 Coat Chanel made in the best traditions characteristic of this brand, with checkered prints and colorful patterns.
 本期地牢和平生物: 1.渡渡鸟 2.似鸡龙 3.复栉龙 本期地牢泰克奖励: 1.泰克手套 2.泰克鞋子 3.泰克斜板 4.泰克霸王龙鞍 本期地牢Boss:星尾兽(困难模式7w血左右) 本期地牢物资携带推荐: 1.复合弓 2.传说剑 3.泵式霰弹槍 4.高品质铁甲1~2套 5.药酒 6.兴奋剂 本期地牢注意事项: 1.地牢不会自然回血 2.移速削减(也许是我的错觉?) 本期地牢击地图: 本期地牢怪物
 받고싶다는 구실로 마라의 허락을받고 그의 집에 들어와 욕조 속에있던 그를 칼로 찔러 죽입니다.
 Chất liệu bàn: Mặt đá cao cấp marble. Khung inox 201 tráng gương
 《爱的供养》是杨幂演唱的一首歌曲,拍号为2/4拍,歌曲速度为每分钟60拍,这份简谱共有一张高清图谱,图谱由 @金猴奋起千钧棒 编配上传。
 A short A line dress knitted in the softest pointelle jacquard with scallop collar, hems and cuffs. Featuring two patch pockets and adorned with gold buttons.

━━━━━━

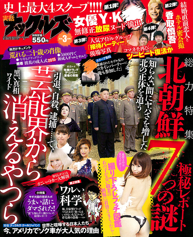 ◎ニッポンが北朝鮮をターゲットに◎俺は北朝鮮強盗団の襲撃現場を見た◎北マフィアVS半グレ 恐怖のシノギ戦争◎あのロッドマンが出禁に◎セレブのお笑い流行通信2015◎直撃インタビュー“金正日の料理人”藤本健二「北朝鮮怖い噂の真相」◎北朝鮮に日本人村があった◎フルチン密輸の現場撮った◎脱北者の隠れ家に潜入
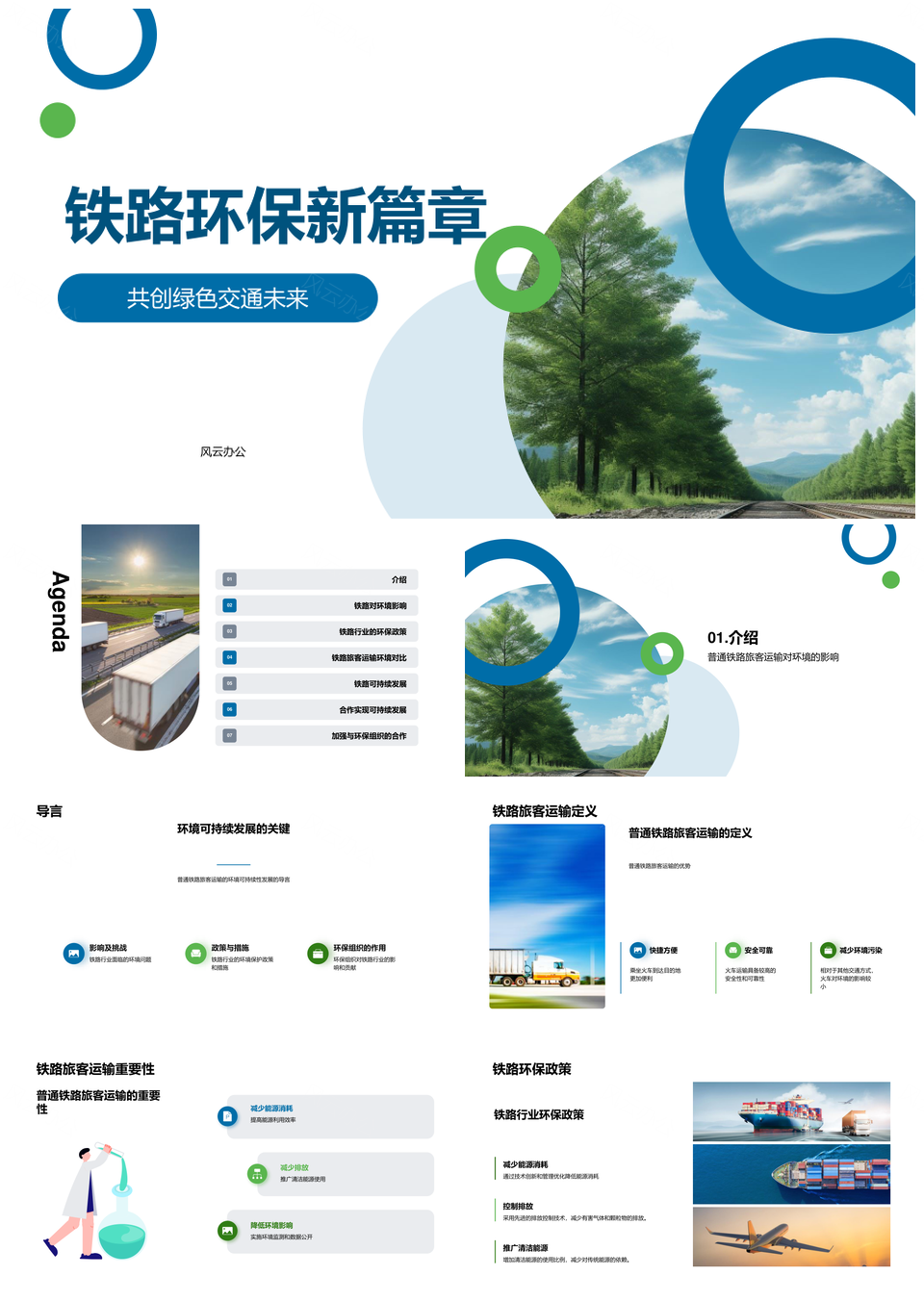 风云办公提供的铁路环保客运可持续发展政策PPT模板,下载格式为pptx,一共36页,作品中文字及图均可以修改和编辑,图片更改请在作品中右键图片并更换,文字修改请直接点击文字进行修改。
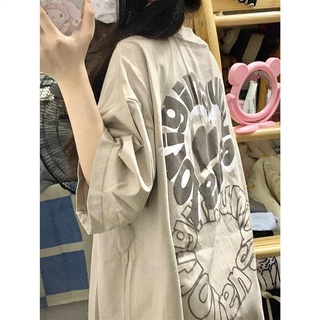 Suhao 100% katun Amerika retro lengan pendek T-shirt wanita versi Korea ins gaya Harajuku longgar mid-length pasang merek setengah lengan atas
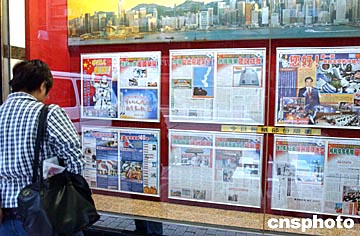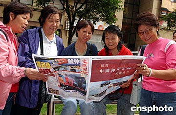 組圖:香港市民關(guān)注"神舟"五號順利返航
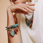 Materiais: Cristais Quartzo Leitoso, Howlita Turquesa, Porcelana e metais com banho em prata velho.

━━━━━━

Task goal:
From the material above, set down exactly the lines between the line holding "Coat Chanel made" and the line holding "A short A line", inclusive. Include nothing else.

Solved problem:
 Coat Chanel made in the best traditions characteristic of this brand, with checkered prints and colorful patterns.
 本期地牢和平生物: 1.渡渡鸟 2.似鸡龙 3.复栉龙 本期地牢泰克奖励: 1.泰克手套 2.泰克鞋子 3.泰克斜板 4.泰克霸王龙鞍 本期地牢Boss:星尾兽(困难模式7w血左右) 本期地牢物资携带推荐: 1.复合弓 2.传说剑 3.泵式霰弹槍 4.高品质铁甲1~2套 5.药酒 6.兴奋剂 本期地牢注意事项: 1.地牢不会自然回血 2.移速削减(也许是我的错觉?) 本期地牢击地图: 本期地牢怪物
 받고싶다는 구실로 마라의 허락을받고 그의 집에 들어와 욕조 속에있던 그를 칼로 찔러 죽입니다.
 Chất liệu bàn: Mặt đá cao cấp marble. Khung inox 201 tráng gương
 《爱的供养》是杨幂演唱的一首歌曲,拍号为2/4拍,歌曲速度为每分钟60拍,这份简谱共有一张高清图谱,图谱由 @金猴奋起千钧棒 编配上传。
 A short A line dress knitted in the softest pointelle jacquard with scallop collar, hems and cuffs. Featuring two patch pockets and adorned with gold buttons.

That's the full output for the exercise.